[[ Provided data, beginning ]]

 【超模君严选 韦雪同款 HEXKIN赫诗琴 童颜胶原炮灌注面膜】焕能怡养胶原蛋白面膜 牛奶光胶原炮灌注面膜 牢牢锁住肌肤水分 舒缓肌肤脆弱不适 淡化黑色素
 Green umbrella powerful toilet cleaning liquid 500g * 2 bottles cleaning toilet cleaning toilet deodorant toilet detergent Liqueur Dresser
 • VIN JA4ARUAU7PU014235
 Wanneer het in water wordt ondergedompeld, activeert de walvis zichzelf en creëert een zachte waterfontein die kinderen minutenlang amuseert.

[[ Provided data, end ]]
[[ Provided data, beginning ]]

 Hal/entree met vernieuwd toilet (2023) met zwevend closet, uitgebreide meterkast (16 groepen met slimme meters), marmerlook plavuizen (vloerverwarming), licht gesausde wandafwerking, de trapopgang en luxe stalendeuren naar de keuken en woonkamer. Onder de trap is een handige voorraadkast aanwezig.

[[ Provided data, end ]]
[[ Provided data, beginning ]]

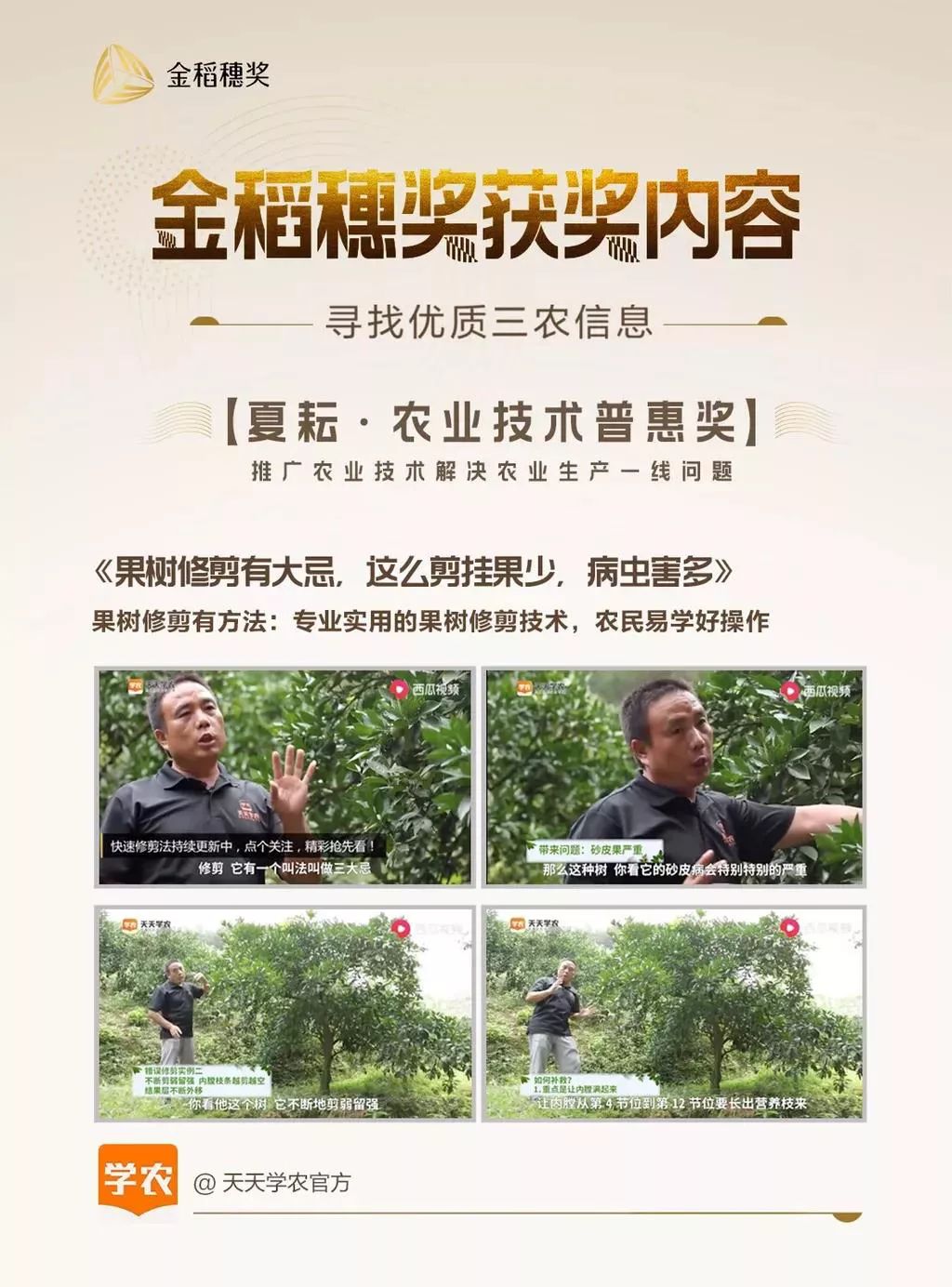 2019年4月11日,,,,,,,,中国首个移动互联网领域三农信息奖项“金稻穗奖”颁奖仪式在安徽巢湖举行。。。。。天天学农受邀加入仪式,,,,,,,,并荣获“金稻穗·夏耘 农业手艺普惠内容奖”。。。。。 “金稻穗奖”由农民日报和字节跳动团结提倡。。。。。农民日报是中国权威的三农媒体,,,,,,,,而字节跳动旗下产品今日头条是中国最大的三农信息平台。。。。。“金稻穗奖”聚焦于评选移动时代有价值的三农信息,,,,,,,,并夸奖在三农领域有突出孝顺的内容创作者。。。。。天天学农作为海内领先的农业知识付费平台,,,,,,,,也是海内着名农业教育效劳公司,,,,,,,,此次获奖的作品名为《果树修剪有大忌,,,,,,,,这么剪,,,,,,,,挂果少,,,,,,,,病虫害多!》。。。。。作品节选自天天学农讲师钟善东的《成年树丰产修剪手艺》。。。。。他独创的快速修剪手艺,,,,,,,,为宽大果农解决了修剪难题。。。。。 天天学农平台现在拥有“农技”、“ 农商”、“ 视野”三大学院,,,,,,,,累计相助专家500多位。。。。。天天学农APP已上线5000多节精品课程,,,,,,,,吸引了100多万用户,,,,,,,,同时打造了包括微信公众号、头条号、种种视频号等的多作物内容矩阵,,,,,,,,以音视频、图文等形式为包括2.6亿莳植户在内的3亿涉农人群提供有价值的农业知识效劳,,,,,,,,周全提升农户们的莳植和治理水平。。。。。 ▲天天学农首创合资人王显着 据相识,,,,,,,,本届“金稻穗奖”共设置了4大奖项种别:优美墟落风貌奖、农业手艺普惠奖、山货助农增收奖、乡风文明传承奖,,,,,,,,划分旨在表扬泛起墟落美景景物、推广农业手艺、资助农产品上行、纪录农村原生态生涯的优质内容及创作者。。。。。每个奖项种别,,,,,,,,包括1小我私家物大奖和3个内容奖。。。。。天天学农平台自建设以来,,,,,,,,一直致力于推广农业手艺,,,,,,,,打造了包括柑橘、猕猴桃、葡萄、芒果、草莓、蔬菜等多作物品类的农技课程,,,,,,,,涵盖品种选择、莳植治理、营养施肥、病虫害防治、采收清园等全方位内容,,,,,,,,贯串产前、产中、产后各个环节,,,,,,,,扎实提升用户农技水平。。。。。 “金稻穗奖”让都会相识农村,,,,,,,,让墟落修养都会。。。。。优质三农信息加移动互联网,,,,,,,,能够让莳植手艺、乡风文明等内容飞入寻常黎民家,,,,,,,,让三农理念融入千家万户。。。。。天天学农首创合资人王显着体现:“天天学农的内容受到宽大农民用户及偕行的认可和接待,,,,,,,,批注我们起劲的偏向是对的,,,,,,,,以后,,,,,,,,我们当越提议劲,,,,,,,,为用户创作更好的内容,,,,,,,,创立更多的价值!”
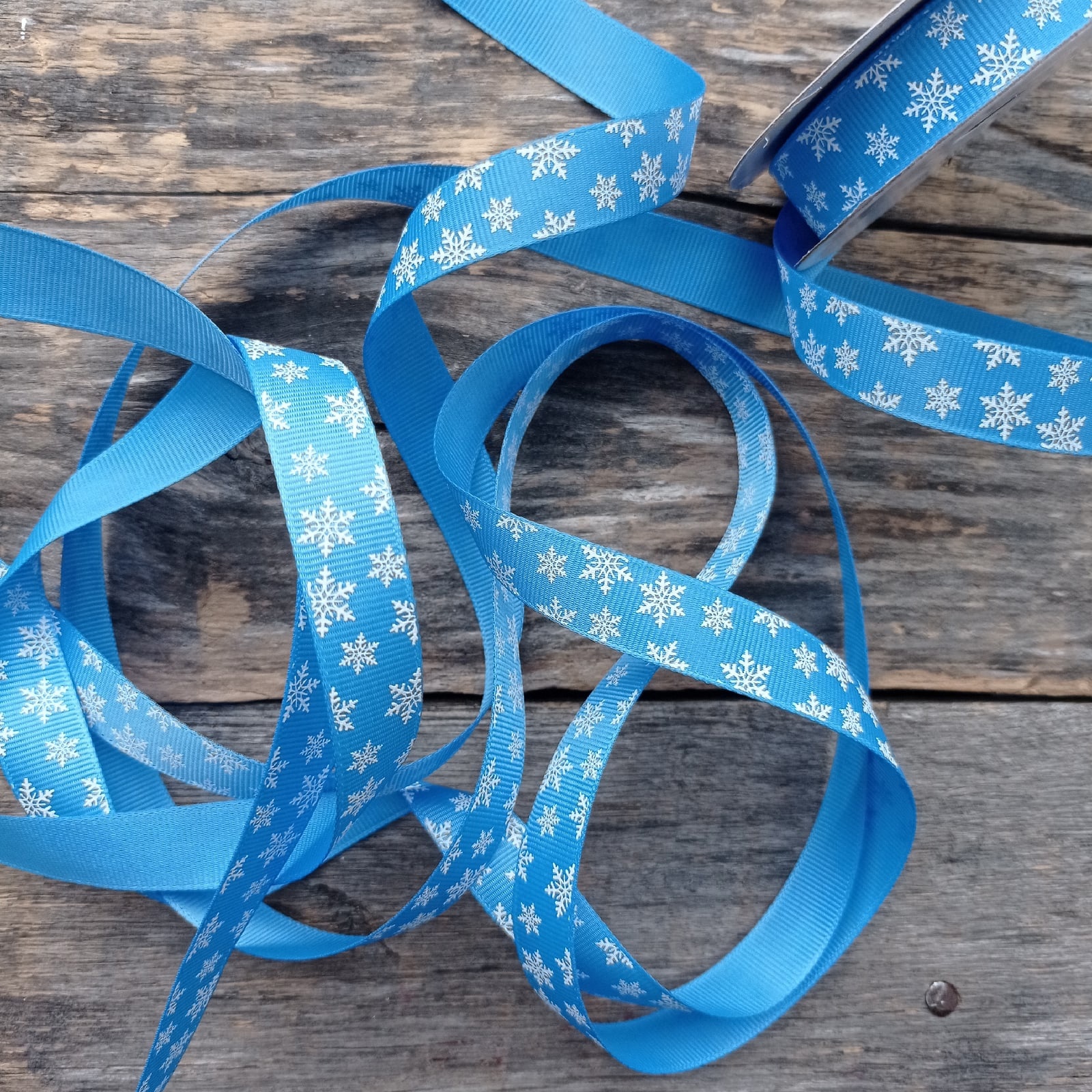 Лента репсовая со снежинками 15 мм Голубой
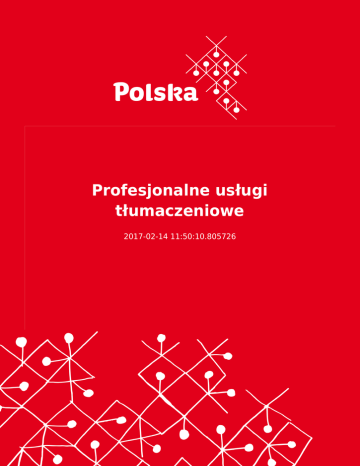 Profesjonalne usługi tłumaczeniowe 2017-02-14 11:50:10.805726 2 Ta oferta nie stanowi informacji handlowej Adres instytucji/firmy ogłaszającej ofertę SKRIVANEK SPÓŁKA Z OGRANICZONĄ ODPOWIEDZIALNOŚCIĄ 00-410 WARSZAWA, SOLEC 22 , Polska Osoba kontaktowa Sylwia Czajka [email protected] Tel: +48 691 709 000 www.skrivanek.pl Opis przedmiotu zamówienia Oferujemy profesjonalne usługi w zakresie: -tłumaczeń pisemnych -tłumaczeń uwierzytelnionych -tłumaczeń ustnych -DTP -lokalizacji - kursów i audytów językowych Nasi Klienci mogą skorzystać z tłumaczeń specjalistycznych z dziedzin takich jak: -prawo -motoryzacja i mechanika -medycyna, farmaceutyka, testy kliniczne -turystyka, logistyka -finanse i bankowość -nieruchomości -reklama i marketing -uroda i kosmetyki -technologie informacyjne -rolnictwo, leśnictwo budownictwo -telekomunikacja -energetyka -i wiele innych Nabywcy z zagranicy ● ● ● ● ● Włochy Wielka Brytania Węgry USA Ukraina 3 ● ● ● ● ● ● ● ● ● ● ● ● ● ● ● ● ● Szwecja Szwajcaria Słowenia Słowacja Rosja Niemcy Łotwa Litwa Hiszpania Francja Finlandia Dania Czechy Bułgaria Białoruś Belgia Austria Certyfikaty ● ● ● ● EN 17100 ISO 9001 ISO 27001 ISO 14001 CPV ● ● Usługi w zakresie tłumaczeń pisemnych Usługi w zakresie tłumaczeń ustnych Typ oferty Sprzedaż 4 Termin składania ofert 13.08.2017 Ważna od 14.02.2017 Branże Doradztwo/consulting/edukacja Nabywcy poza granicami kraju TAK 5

[[ Provided data, end ]]

Your objective ▸
From the data above, reproduce word for word the lines running from the line with "牢牢锁住肌肤水分 舒缓肌肤脆弱不适 淡化黑色素" to the line with "Wanneer het in", ends included.

Response below ▸
 【超模君严选 韦雪同款 HEXKIN赫诗琴 童颜胶原炮灌注面膜】焕能怡养胶原蛋白面膜 牛奶光胶原炮灌注面膜 牢牢锁住肌肤水分 舒缓肌肤脆弱不适 淡化黑色素
 Green umbrella powerful toilet cleaning liquid 500g * 2 bottles cleaning toilet cleaning toilet deodorant toilet detergent Liqueur Dresser
 • VIN JA4ARUAU7PU014235
 Wanneer het in water wordt ondergedompeld, activeert de walvis zichzelf en creëert een zachte waterfontein die kinderen minutenlang amuseert.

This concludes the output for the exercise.